Tag Archives: Blazes Boylan

Joyce’s “Ulysses” – Episode 17

Source: Wikipedia

Source: Wikipedia

This episode corresponds to Odysseus’ return home to Ithaca in Homer’s Odyssey. According to SparkNotes, it is “narrated in the third person through a set of 309 questions and their detailed and methodical answers, in the style of a catechism or Socratic dialogue.” Since I’m not a Catholic, I can’t really say that it was like a catechism, but I will say that for me, the style resembled the method of scientific inquiry, where one seeks to get to the truth or prove a theory by posing a series of questions. It is strange reading, since much of what takes place in the episode is discussion between Bloom and Stephen, and then later Bloom telling Molly about his day, yet there is noticeably no dialog whatsoever in this episode.

In Joyce’s novel, Bloom also returns home, but it is not a triumphant return such as with Odysseus. He realizes he does not have his key and is locked out.

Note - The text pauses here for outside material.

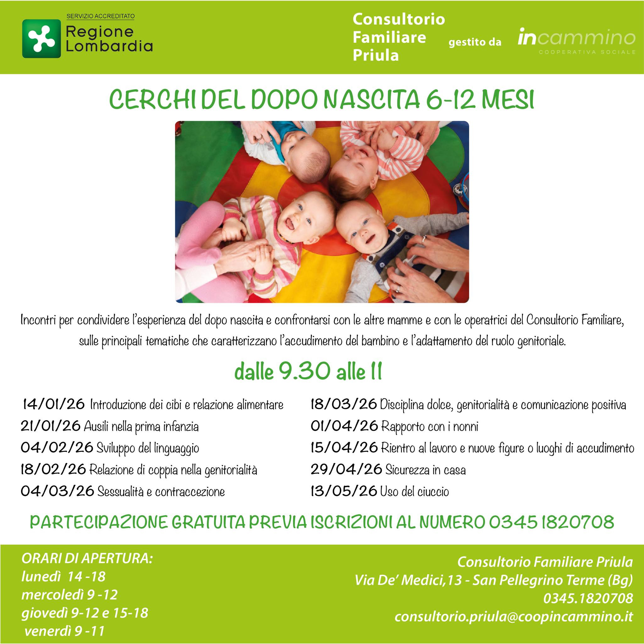 CERCHI DEL DOPO NASCITA famiglie con bambini da 6 a 12 mesi febbraio 2026 | San Pellegrino Terme
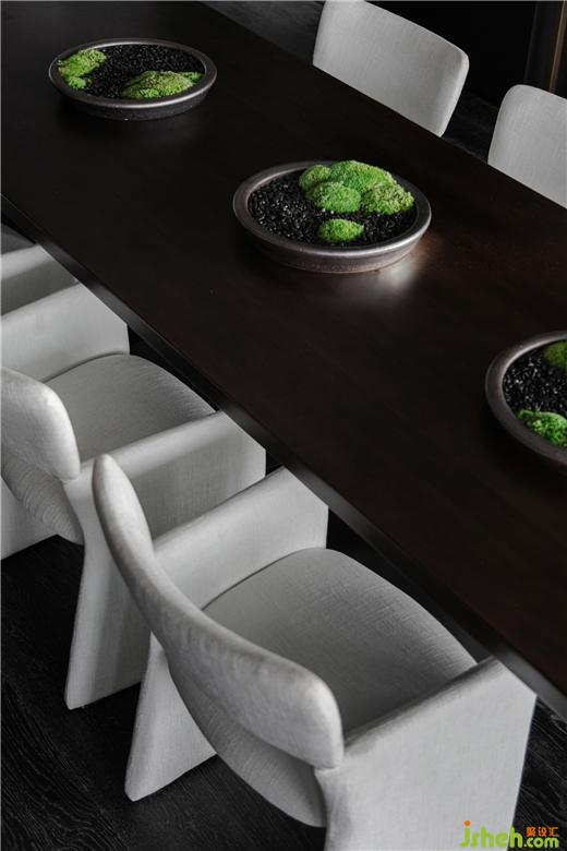 桌面上的苔蘚盆景,沒(méi)有高的姿態(tài)沒(méi)有濃的色彩,樣板房設(shè)計(jì)只是單純地跟原木搭配在一起,別有一番自然氣息。

After Stephen leaves, Bloom bumps his head on furniture that has been moved, adding to the sense that although he is home, it does not feel like home. He then gets into bed with Molly who is asleep at that point and notices signs that Blazes Boylan had been there and had sex with Molly in their bed. I can’t help but feel sad for Bloom.

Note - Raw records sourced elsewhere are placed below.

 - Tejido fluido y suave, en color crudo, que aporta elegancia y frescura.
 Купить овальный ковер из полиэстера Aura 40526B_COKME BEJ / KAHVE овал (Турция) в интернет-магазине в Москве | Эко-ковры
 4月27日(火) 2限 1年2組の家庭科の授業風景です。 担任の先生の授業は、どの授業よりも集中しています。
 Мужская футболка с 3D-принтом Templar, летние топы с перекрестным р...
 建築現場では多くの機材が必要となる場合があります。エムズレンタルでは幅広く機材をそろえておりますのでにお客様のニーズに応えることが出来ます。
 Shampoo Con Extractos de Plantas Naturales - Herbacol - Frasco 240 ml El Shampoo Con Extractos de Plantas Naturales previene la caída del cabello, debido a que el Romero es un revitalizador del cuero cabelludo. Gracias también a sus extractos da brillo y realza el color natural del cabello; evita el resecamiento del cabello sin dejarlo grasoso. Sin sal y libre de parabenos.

As with all the episodes in this book, this one is also packed with lots of symbolism, so I am just going to focus on a few passages that were key for me on this reading.

Bloom is depicted as feeling dejected. He had hopes of doing significant things with his life, but he feels as if he never did.

Why would a recurrent frustration the more depress him?

Because at the critical turningpoint of human existence he desired to amend many social conditions, the product of inequality and avarice and international animosity.

(p. 696)

As Stephen is leaving, both he and Bloom step outside and together they look up at the stars. Bloom has an epiphany as he realizes his connection to the universe. He envisions universes within himself, universes within each atom that composes everything in existence. It seems as if he grasps the connection between the scientific and the mystical, as symbolized by astrology. It is a fairly long passage, but it warrants including here.

With what meditations did Bloom accompany his demonstration to his companion of various constellations?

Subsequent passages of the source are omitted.